Jury smacks J&J with $325M talc verdict after a series of other wins

courtroom
Jurors in New York ordered J&J to pay $325 million in its latest talc loss. (Pixabay)

After recent wins and losses, Johnson & Johnson capped the month of May with a major setback in its talc litigation. A New York City jury slapped the drugmaker with a $325 million verdict Friday over claims asbestos in its talc caused plaintiff Donna Olson to develop mesothelioma. 

After a 4-month trial, jurors ordered the company to pay $300 million in punitive damages, $20 million for Olson’s past and future pain, plus $5 million to her husband for loss of consortium.

J&J said it plans to appeal, just as it has in the other talc cases it has lost. Spokeswoman Kim Montagnino said the trial "suffered significant legal and evidentiary errors which Johnson & Johnson believes will warrant a reversal on appeal."

"Decades of tests by independent experts and academic institutions repeatedly confirm that Johnson’s Baby Powder does not contain asbestos or cause cancer," she added.

Attorneys for the plaintiffs said they presented internal J&J documents dating back to the 1960s and 1970s demonstrating the company knew its baby powder contained asbestos. Instead of placing a warning on the product or switching to a talc alternative, J&J changed its testing methods to those that couldn’t detect asbestos. Then, the company misled the public and regulators with results from those new testing methods, the attorneys said.

J&J argued that its powder never contained asbestos. But the jury sided with the plaintiffs and concluded the company knew for decades about potential harm from the product. Jurors also concluded that Olson’s regular use of the powder over the years caused her to develop mesothelioma. 

Olson’s verdict is among the largest to date in J&J’s long-running talc litigation. Last summer, jurors in St. Louis handed over a $4.69 billion decision against the company after a trial that combined the claims of 22 women. J&J said it would appeal. Before that, a California plaintiff scored a $417 million verdict, but J&J won its appeal in that case. 

In recent months, J&J has chalked up both wins and losses. Late last month, the company won a case in South Carolina but suffered a $25 million loss in New York on the same day. The company has prevailed in five cases in recent months.
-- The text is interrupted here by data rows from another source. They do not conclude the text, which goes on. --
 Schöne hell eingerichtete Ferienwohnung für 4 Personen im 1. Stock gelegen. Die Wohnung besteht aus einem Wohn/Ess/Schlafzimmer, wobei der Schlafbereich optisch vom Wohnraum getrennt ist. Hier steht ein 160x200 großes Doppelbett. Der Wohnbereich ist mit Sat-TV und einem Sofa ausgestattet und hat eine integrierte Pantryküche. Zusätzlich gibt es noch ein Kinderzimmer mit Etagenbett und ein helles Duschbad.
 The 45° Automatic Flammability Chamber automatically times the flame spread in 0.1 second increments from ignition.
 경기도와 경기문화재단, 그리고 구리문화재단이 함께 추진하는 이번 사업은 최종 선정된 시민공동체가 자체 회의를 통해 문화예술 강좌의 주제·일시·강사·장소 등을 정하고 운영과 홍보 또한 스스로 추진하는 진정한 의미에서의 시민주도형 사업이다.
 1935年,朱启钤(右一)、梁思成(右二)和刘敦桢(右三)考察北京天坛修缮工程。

In March, the company won a case in New Jersey but suffered a $29 million loss in California. 

Each verdict against J&J that has made its way through the appeals process has been overturned, Montagnino said.

All told, J&J faces about 14,200 talc injury cases, according to its most recent quarterly filing with the SEC. 
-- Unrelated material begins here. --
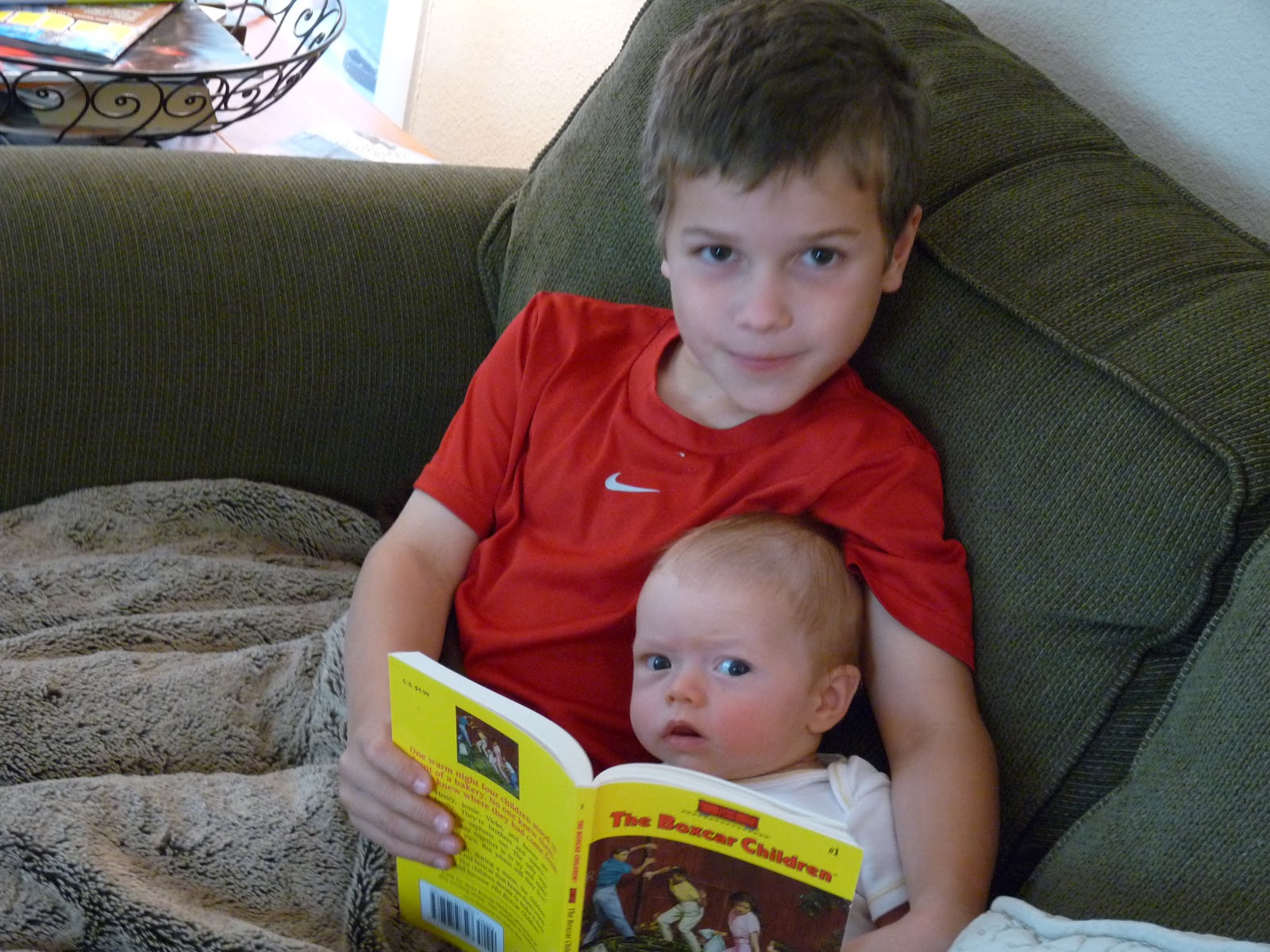 Coen has the best big brothers. Look at that, forget picture books, the baby is moving right into chapter books.

Talc litigation has been weighing on J&J shares for years, but the pressure ramped up late last year when Reuters published a report stating that the drugmaker concealed asbestos in its talc for decades. J&J’s share prices have declined about 11% since the report. 

Aside from talc litigation, J&J is the only remaining defendant in an Oklahoma opioid trial after Teva and Purdue settled for a total of $355 million. In opening remarks last week, Oklahoma attorney general Mike Hunter accused the company of a “deceitful, multibillion-dollar brainwashing campaign.” J&J denied wrongdoing and argues it marketed opioid painkillers responsibly, BBC reports.